What the task asks: Images are not part of the copy; write out the rest of the data exactly as given.

Supplied data:
*****
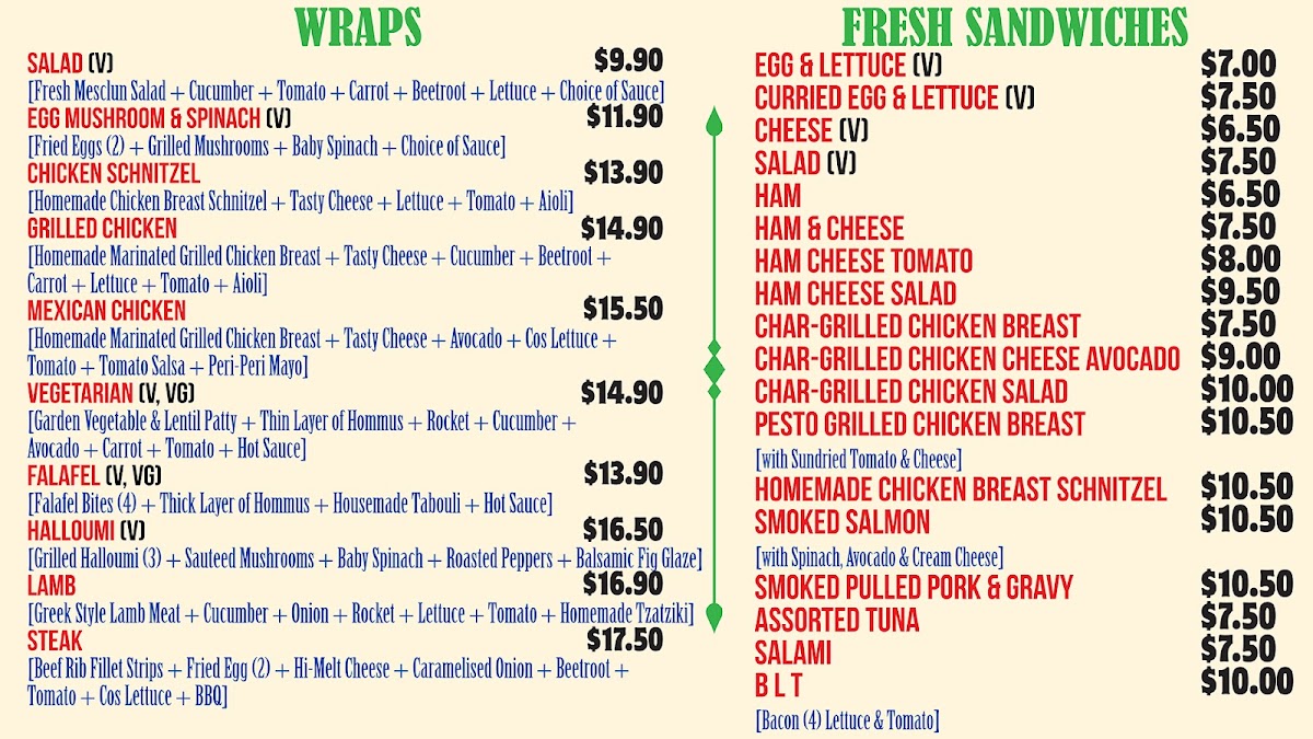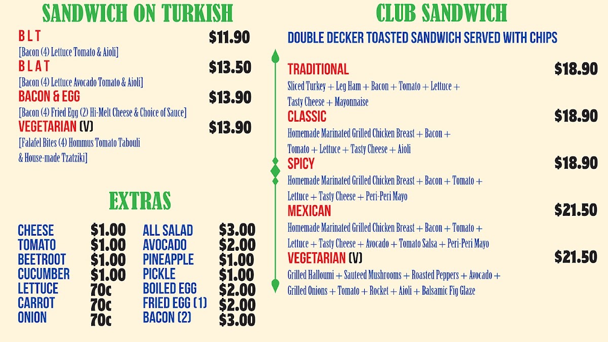 - Wraps and Sandwiches: Various wraps and sandwiches, including club sandwiches and those served on Turkish bread, offering convenient and portable meals.
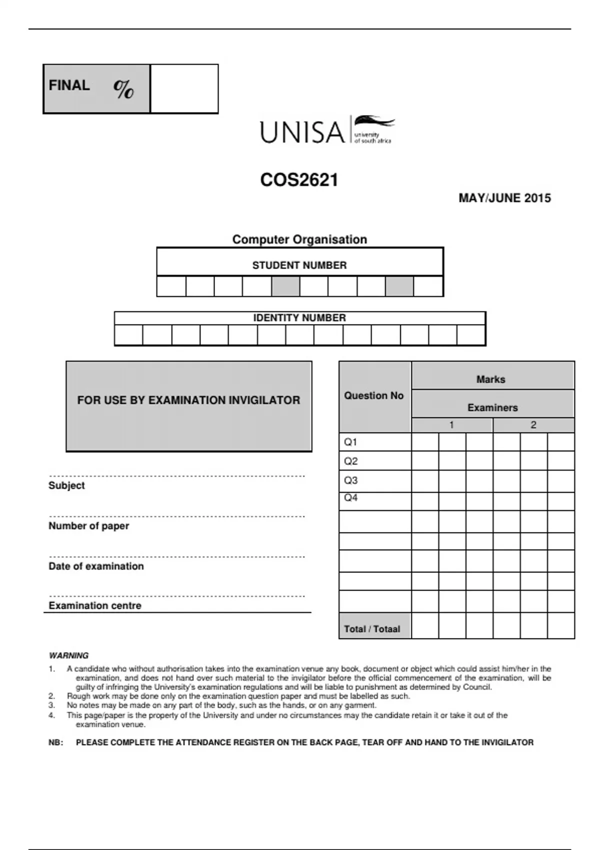 FOR USE BY EXAMINATION INVIGILATOR Question No
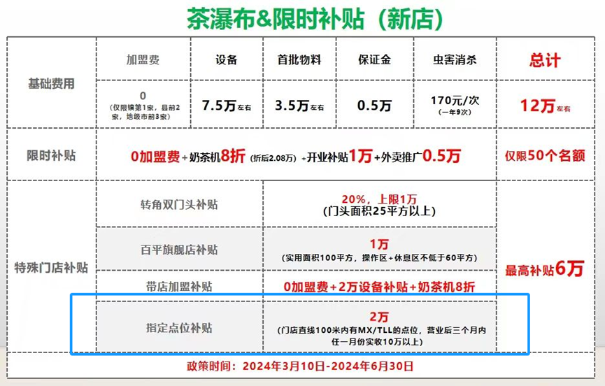 茶瀑布对加盟商有“指定点位补贴”,即对于茶瀑布门店直线100米内有蜜雪冰城或甜啦啦的点位,在营业后三个月内任意一个月实收10万以上,则可以获得2万的补贴。
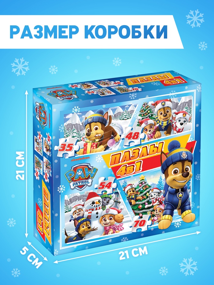 Пазлы 4 в 1, 35, 48, 54, 70 деталей, подарочный набор, Щенячий патруль — Характеристики
*****
Completed task:
 - Wraps and Sandwiches: Various wraps and sandwiches, including club sandwiches and those served on Turkish bread, offering convenient and portable meals.
 FOR USE BY EXAMINATION INVIGILATOR Question No
 茶瀑布对加盟商有“指定点位补贴”,即对于茶瀑布门店直线100米内有蜜雪冰城或甜啦啦的点位,在营业后三个月内任意一个月实收10万以上,则可以获得2万的补贴。
 Пазлы 4 в 1, 35, 48, 54, 70 деталей, подарочный набор, Щенячий патруль — Характеристики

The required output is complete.